**** Provided data ****

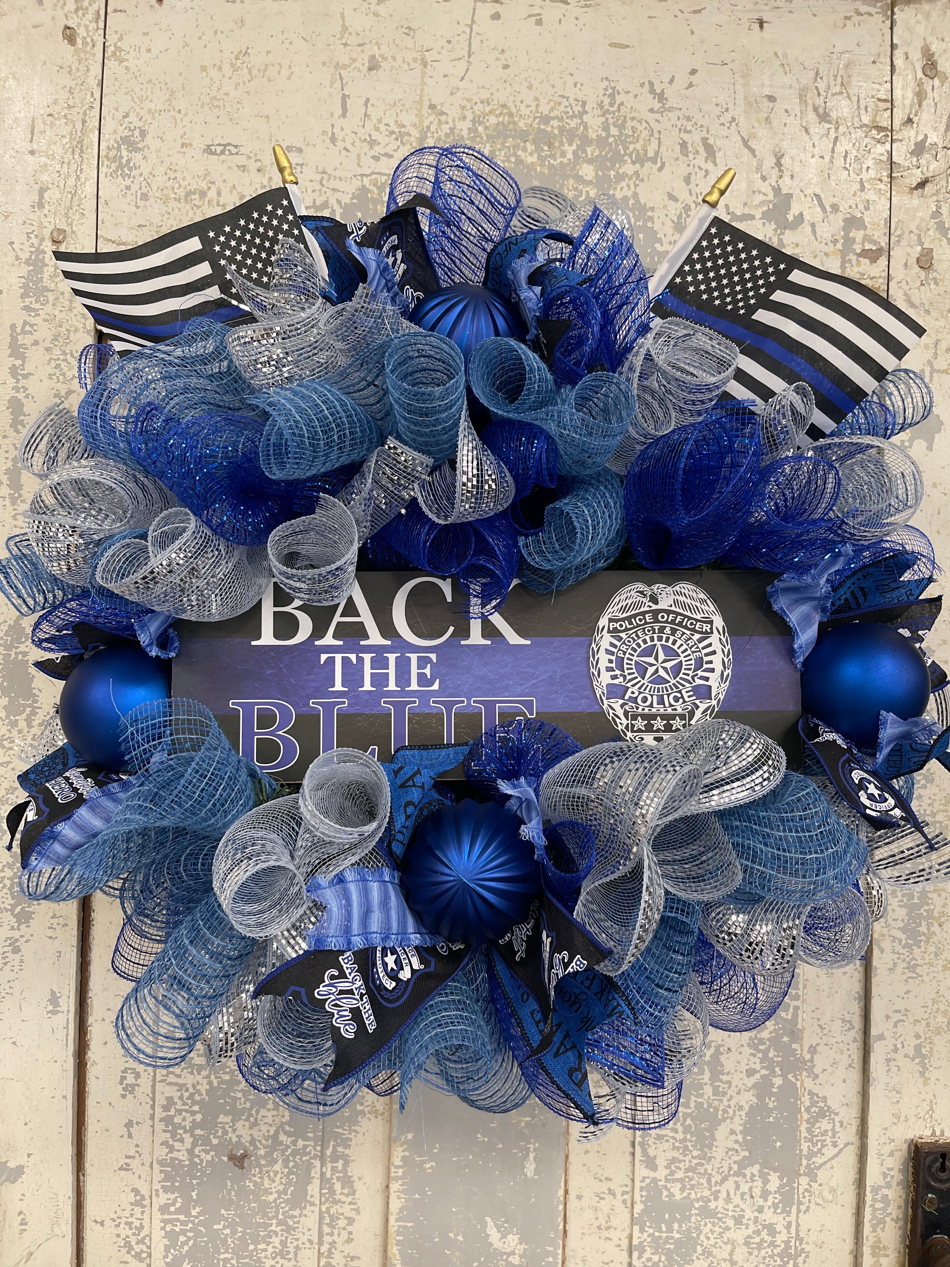 This Back the Blue wreath features a striking design with silver, light and dark blue mesh, complemented by policeman flags and ribbon accents. Show your support for law enforcement with this patriotic and elegant piece.
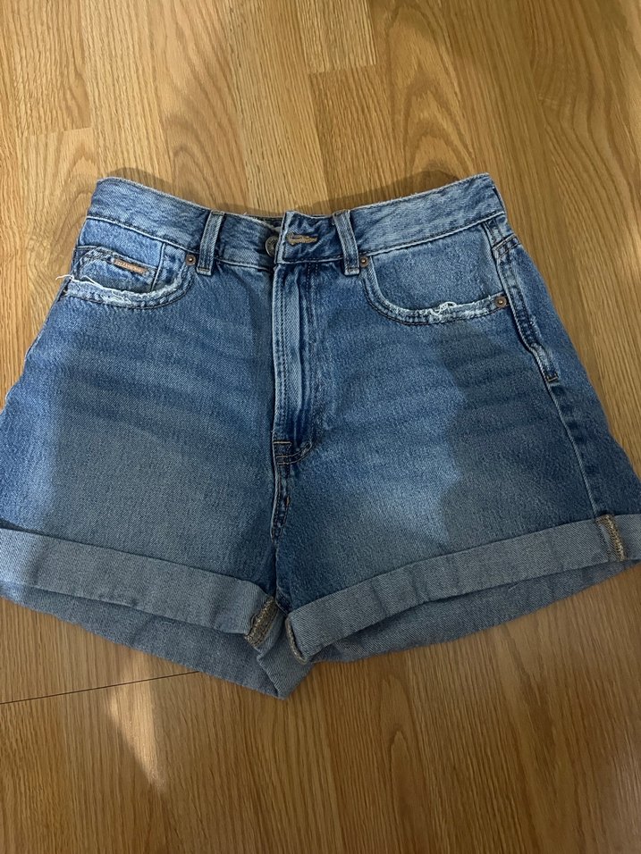 Pastel mavi renkli, bağcıklı detaylı, bol kesim kadın mini denim şort, rahat sokak stili için uygun.
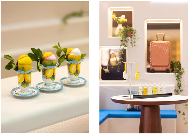 空间中央特别打造“泳池露台”装置,蓝色马赛克瓷砖铺陈其上,地中海印花遮阳伞与躺椅点缀其间,度假意趣自然流露。阿马尔菲柠檬与木槿花错落陈设点缀其中,为 19 Degree Lite 与 Voyageur 系列注入浓郁的海岸风情。
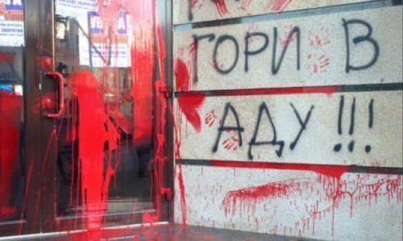 У чергову частину Луцького відділу поліції сьогодні надійшло три повідомлення про те, що в ніч з 14 на 15 червня невстановлена особа червоною фарбою пошкодила вікна, двері приміщення відділень трьох банків у Луцьку. Про це інформує прес-служба волинської поліції.
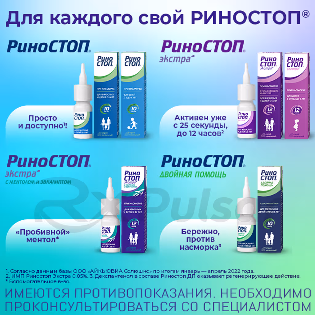 Further research into the specific formulation of RINOSTOP DOUBLE RELIEF is needed to fully elucidate its mechanism of action. Understanding the exact interplay between the active ingredients is crucial for assessing its efficacy in comparison to other nasal decongestants and for identifying potential interactions with other medications. Always consult the product packaging or your healthcare provider for the most accurate and up-to-date information.
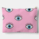 blue evil eye, pop art, pink background, modern pattern, bold design, trendy accessories, eye motif, statement style, quirky decor, fun gifts, unique pattern, colorful style, graphic print, contemporary home, artistic flair, creative gifts, playful design, stylish tote, insulated tumbler, ceramic mug, spiral notebook, accessory pouch, laptop sleeve, throw pillow, compact mirror, flask gift, apron, can cooler, cool stationery, funky home, urban chic, art lover gift, edgy decor, back to school, workspace decor, purse mirror, girls room, conversation starter, pop culture, protective symbol, lucky charm, fun home, office accessories, motivational, hostess gift, matching set, everyday essentials, artist gift, student gift, unique décor, coordinated look
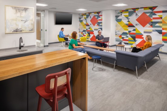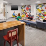 In addition to the fifth-floor office, Soliant Health also leased 32,693-square-foot space on the first floor of the building and is home to its internal staff and training purposes. This part of the project provided some challenges due to the smaller windows on the ground level. To balance the space, the design team used an extensive color palette and custom wallcoverings in the spaces on this lower level to liven up the unlit areas. All workstations are strategically positioned to be exposed to natural light. The lower level office is equipped with conference rooms, huddle spaces and breakout spaces along with its own break room and coffee bar giving staff members some of the same amenities as those on the fifth floor.
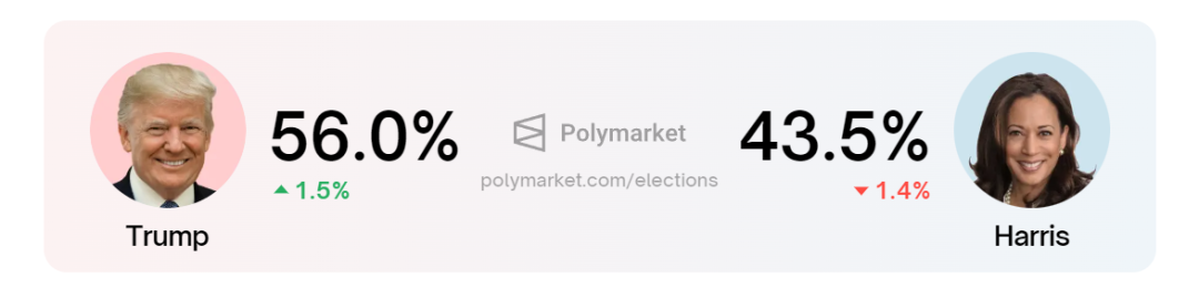 近日,知名市场预测平台Polymarket显示,特朗普赢得 2024 美国总统选举概率已反超哈里斯。截至10月11日下午,特朗普的胜选概率已经来到56.0%,而哈里斯胜选概率则降低至43.5%。
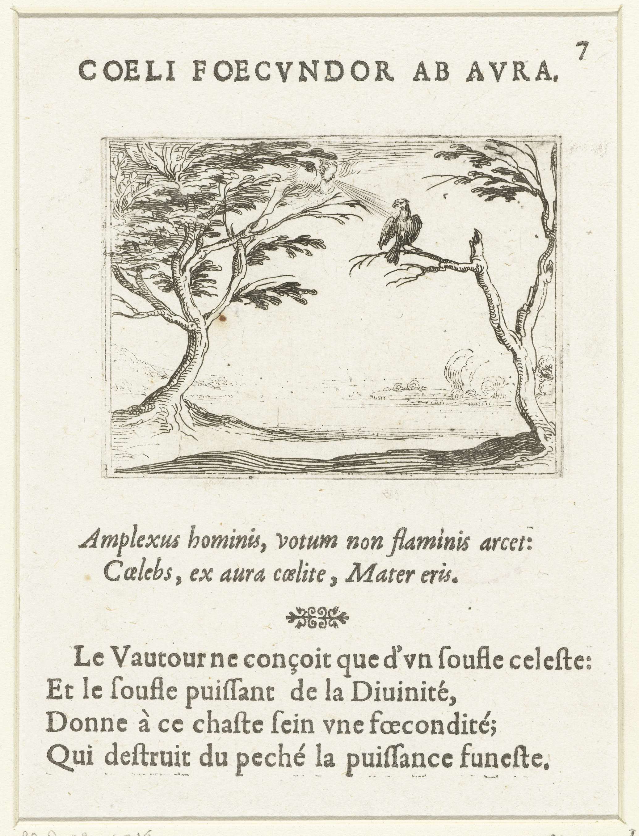 Voorstelling van een gier op een boomtak. Een gezichtje in een wolk blaast naar hem. Boven en onder deze prent Latijnse en Franse teksten in boekdruk. Dit blad is onderdeel van de embleemserie 'Leven van Maria in emblemen'. De eerste staat van deze serie behelst naast een titelpagina en 26 emblemen ook drie bladen met ...
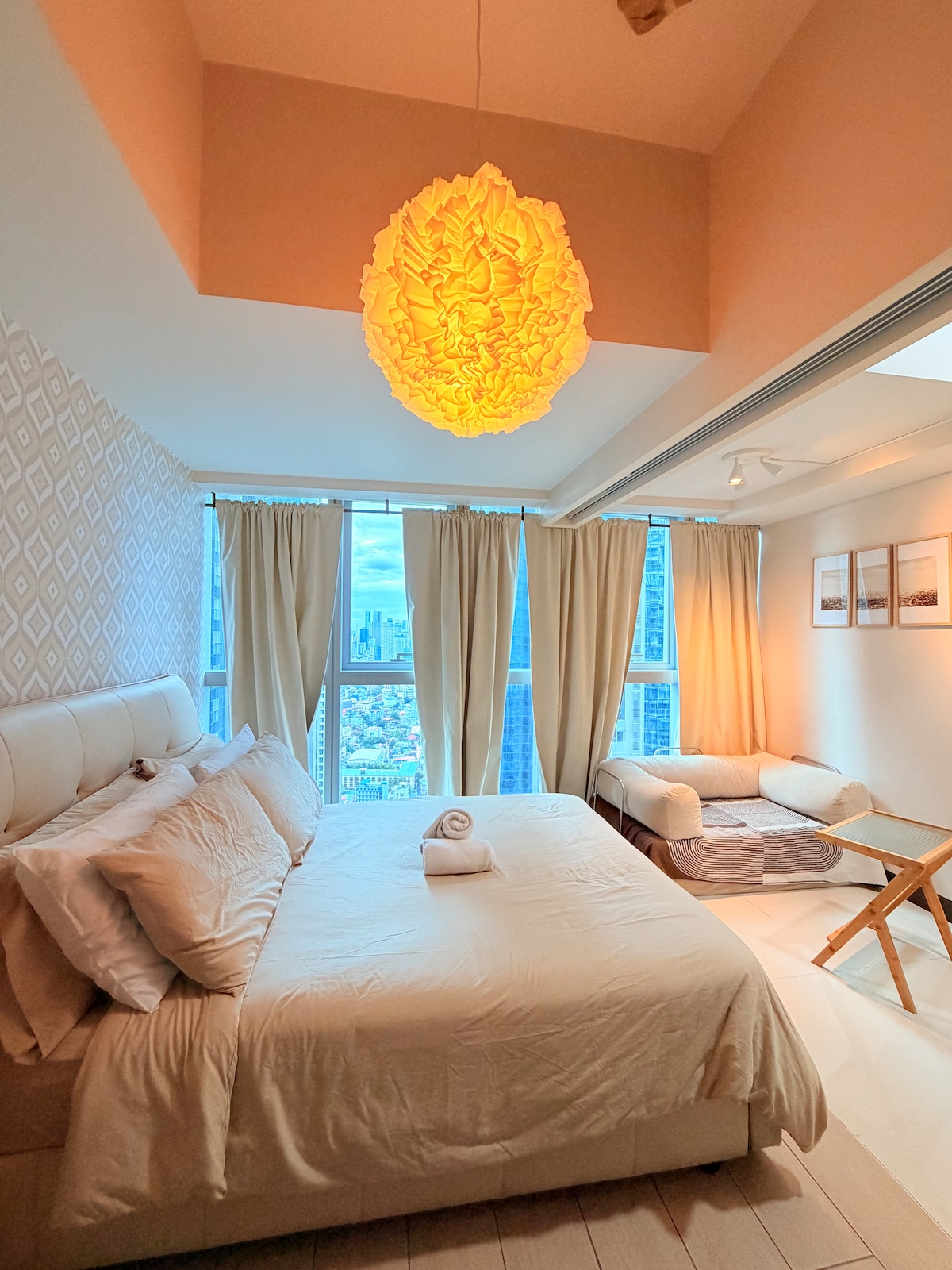 🌟 Perfect for 4 adults + kids, this stylish 1BR in Uptown Parksuites Tower 1 offers a King-Sized Main Bed and a Queen-Sized Lounge Sofa Bed with soft duvet comforters, a relaxing foot massager by the window, a full kitchen, washer–dryer, and ultra-fast 500mbps WiFi. Enjoy stunning sunset & skyline views of BGC, Grand Hyatt, and Manila 🌃 After a busy day, unwind on our cozy lounge chair or sofa while taking in the city lights ✨ Just a short minute walk to Uptown Mall, Mitsukoshi, & Landers 🥳🤍
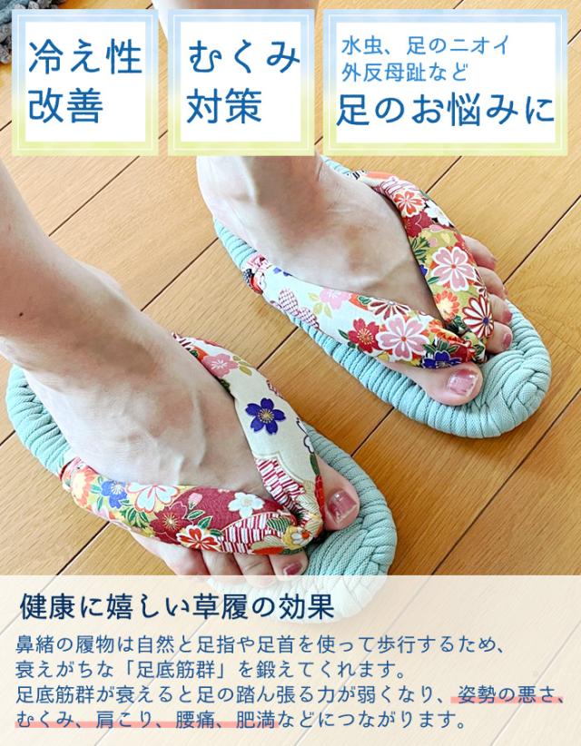 ・鼻緒が大きめに編まれていますので、やや小さいと思われても痛くありません。

****

● **Problem to solve**:
Exact repetition is the task: every line from the start of the data to the line with "与 Voyageur 系列注入浓郁的海岸风情。", inclusive, and none after it, pictures omitted.

● **Solution to this task**:
 This Back the Blue wreath features a striking design with silver, light and dark blue mesh, complemented by policeman flags and ribbon accents. Show your support for law enforcement with this patriotic and elegant piece.
 Pastel mavi renkli, bağcıklı detaylı, bol kesim kadın mini denim şort, rahat sokak stili için uygun.
 空间中央特别打造“泳池露台”装置,蓝色马赛克瓷砖铺陈其上,地中海印花遮阳伞与躺椅点缀其间,度假意趣自然流露。阿马尔菲柠檬与木槿花错落陈设点缀其中,为 19 Degree Lite 与 Voyageur 系列注入浓郁的海岸风情。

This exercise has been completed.